- Other names: Microcapillary hemangioma
- Specialty: Oncology

= Microvenular hemangioma =

Microvenular hemangioma is an acquired benign vascular tumor that presents as an asymptomatic, slowly growing, 0.5- to 2.0 cm reddish lesion on the forearms or other sites of young to middle-aged adults. The cause of microvenular hemangioma is unknown, however it has been associated with immunosuppression.

== Signs and symptoms ==
Microvenular hemangioma appears as slow-growing, frequently numerous lesions, erythematous, violaceous, or moderately pruriginous macules, papules, or nodules without any symptoms. They usually appear on the forearm. There have also been reports of lesions on the soles of the feet, forehead, legs, and chest.

== Causes ==
Although the exact cause of microvenular hemangioma is uncertain, it has been found in certain instances during pregnancy or after changes in hormonal contraception. In certain circumstances, imbalanced sex hormones could potentially be the cause. Microvenular hemangioma has also been associated with immunosuppression.

== Diagnosis ==
Multiple distinct red globules are seen under a microscope, and a finely pigmented network is seen around the periphery. Histologically, microvenular hemangioma is made up of venules with thin walls that branch erratically and have barely noticeable vascular lumina. The dermis's collagen bundles are thickened. Pericytes envelop the endothelial cells, which can exhibit a combination of plump and flat cells without pleomorphism or mitotic patterns.

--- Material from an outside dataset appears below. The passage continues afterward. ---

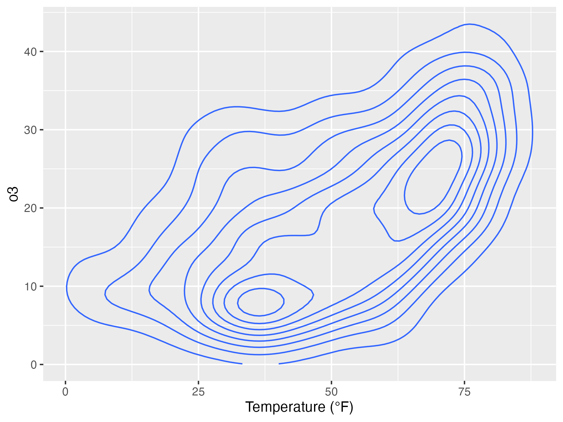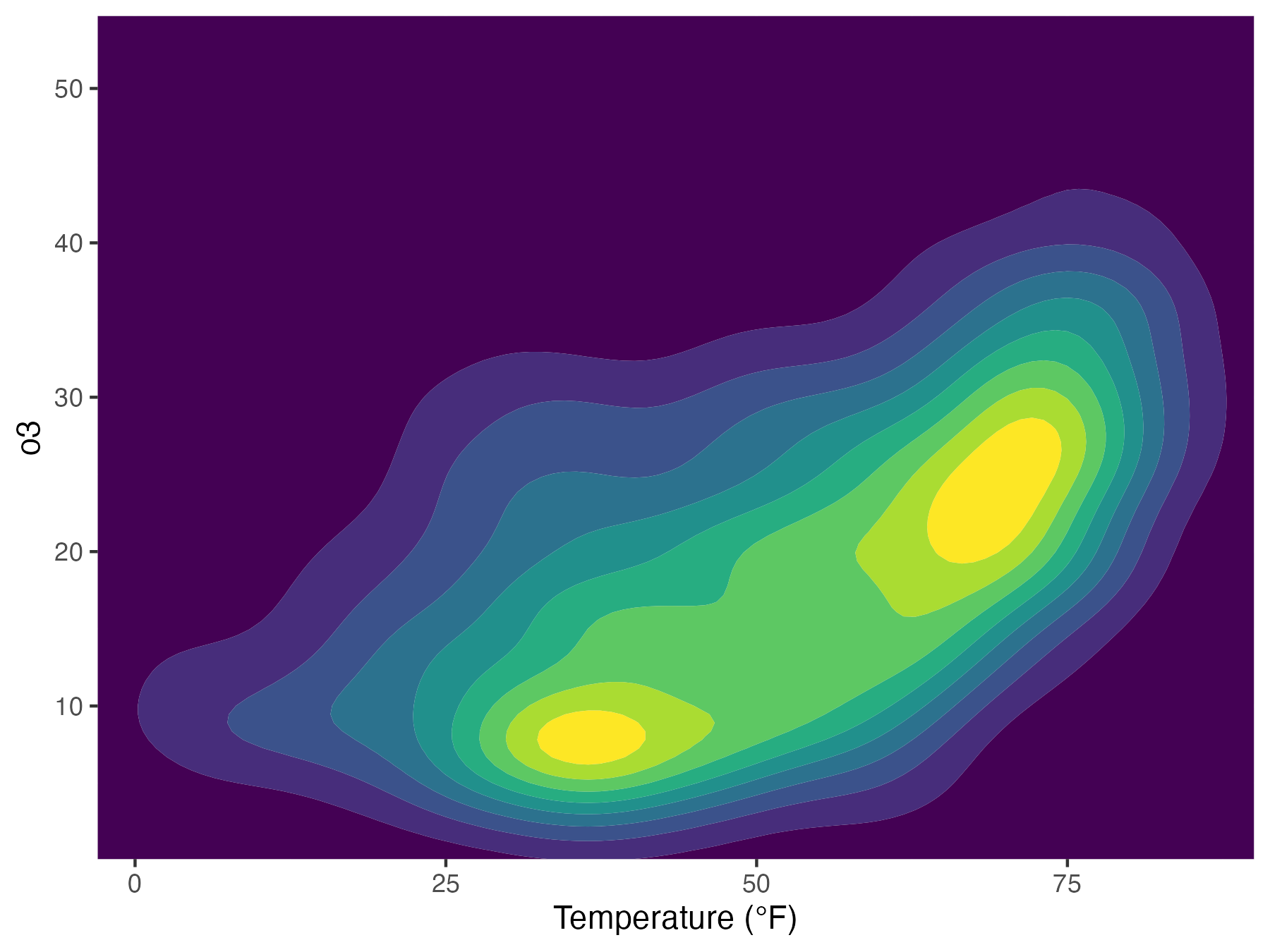ggplot(chic, aes(temp, o3)) + geom_density_2d_filled(show.legend = FALSE) + coord_cartesian(expand = FALSE) + labs(x = "Temperature (°F)", x = "Ozone Level")

Immunohistochemically, an microvenular hemangioma's endothelial cells show positive staining for CD31, CD34, and factor VIII, while its pericytes show positive staining for SMA. However, neither cell shows positive staining for podoplanin.

The differential diagnosis for microvenular hemangioma includes acquired (tufted) angioma, Kaposi sarcoma, Kaposiform hemangioendothelioma, and sclerosing hemangioma.

== Treatment ==
The treatment for microvenular hemangioma is surgical excision.